0

I want to build a a webcrawler that goes randomly around the internet and puts broken (http statuscode 4xx) image links into a database.

So far I successfully build a scraper using the node packages request and cheerio. I understand the limitations are websites that dynamically create content, so I'm thinking to switch to puppeteer. Making this as fast as possible would be nice, but is not necessary as the server should run indefinetely.

My biggest question: Where do I start to crawl?

I want the crawler to find random webpages recursively, that likely have content and might have broken links. Can someone help to find a smart approach to this problem?
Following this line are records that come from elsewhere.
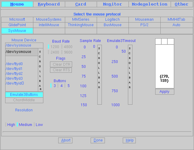 В нашем примере демон мыши уже запущен и добавлена эмуляция "Emulate3Buttons" для нашей мыши. Теперь необходимо щелкнуть по "Apply" и проверить работу мыши. На экране белого цвета будут отбражаться действия мыши если настройки произведены правильно.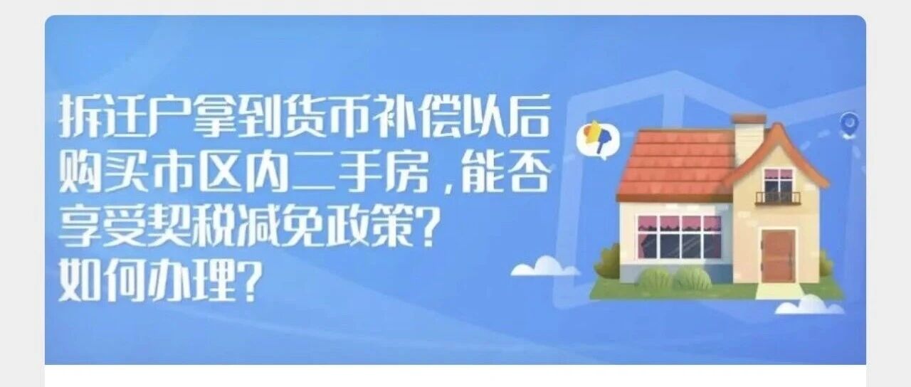 拆迁户拿到货币补偿以后购买市区内二手房,能否享受契税减免政策?如何办理?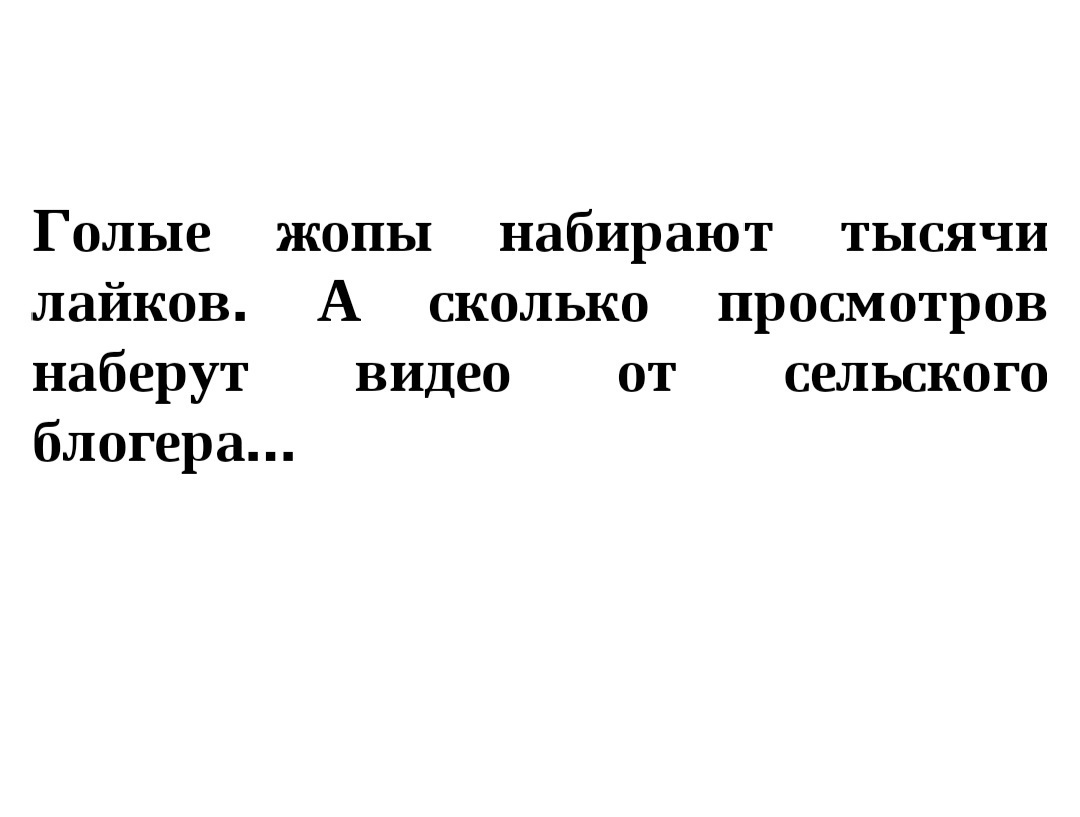 Голые ж...ы набирают тысячи лайков. А сколько просмотров наберут видео от сельского блогера?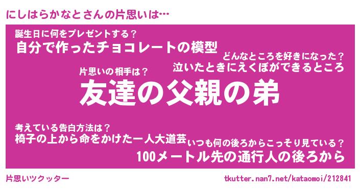 | 胡散臭い通販商品みたいなあだ名 | 『億万長者になれる水晶球…その名も「にしはらかなと」』 |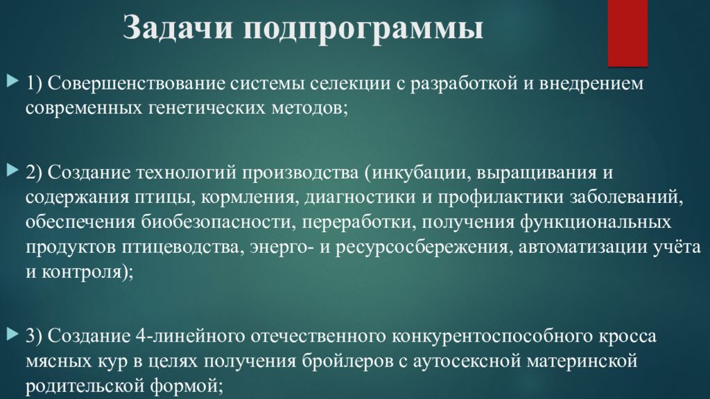 1) Совершенствование системы селекции с разработкой и внедрением современных генетических методов; 2) Создание технологий производства (инкубации, выращивания и содержания птицы, кормления, диагностики и профилактики заболеваний, обеспечения биобезопасности, переработки, получения функциональных продуктов птицеводства, энерго - и ресурсосбережения, автоматизации учёта и контроля ); 3) С оздание 4-линейного отечественного конкурентоспособного кросса мясных кур в целях получения бройлеров с аутосексной материнской родительской формой ;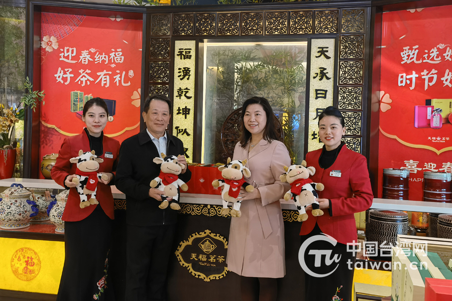 2月10日北京市台办副主任于凤英(右二)带队到天福茗茶文化馆走访慰问。(中国台湾网 吴怡 摄)

  • There is no way you could decide if a website has broken links or not without actually visiting the site. WIth puppeter you can first go to google and try to search for some random keywords and you can then use the search result to crawl random webpages. – Aman Gupta Sep 28 '19 at 13:39
  • That approach would probably give me many duplicate hosts as google shows me popular and SEO compliant results, yet I am specifically looking for outdated, old and fringe content :-/ – Matthias Pitscher Sep 28 '19 at 14:19
  • Where to start crawling depends on your use case. Why do you want to find broken images and what is your goal? To give you the big image: Google has more than 130 trillion pages indexed ([source from 2016](https://searchengineland.com/googles-search-indexes-hits-130-trillion-pages-documents-263378)). Let's assume you get a similar big list and you can crawl 100 pages per second, you need 40 thousand years (!!) to crawl them. – Thomas Dondorf Sep 28 '19 at 14:21
  • The goal is to create a database of missing images (with hosts as diverse as possible). Google apparently has almost 2 billion sites indexed for "horse", yet decides to show me only the 341 most relevant... – Matthias Pitscher Sep 28 '19 at 14:44
  • @MatthiasPitscher I thought there might be a more specific use case... Added an answer. – Thomas Dondorf Sep 28 '19 at 20:51
  • Broken links now live at https://missing.pictures – Matthias Pitscher Oct 03 '20 at 23:21

3 Answers3

2

List of Domains

In general, the following services provide lists of domain names:

  • Alexa Top 1 Million: top-1m.csv.zip (free)
    CSV file containing 1 million rows with the most visited websites according to Alexas algorithms
  • Verisign: Top-Level Domain Zone File Information (free IIRC)
    You can ask Verisign directly via the linked page to give you their list of .com and .net domains. You have to fill out a form to request the data. If I recall correctly, the list is given free of charge for research purposes (maybe also for other reasons), but it might take several weeks until you get the approval.
  • whoisxmlapi.com: All Registered Domains (requires payment)
    The company sells all kind of lists containing information regarding domain names, registrars, IPs, etc.
  • premiumdrops.com: Domain Zone lists (requires payment)
    Similar to the previous one, you can get lists of different domain TLDs.

Crawling Approach

In general, I would assume that the older a website, the more likely it might be that it contains broken images (but that is already a bold assumption in itself). So, you could try to crawl older websites first if you use a list that contains the date when the domain was registered. In addition, you can speed up the crawling process by using multiple instances of puppeteer.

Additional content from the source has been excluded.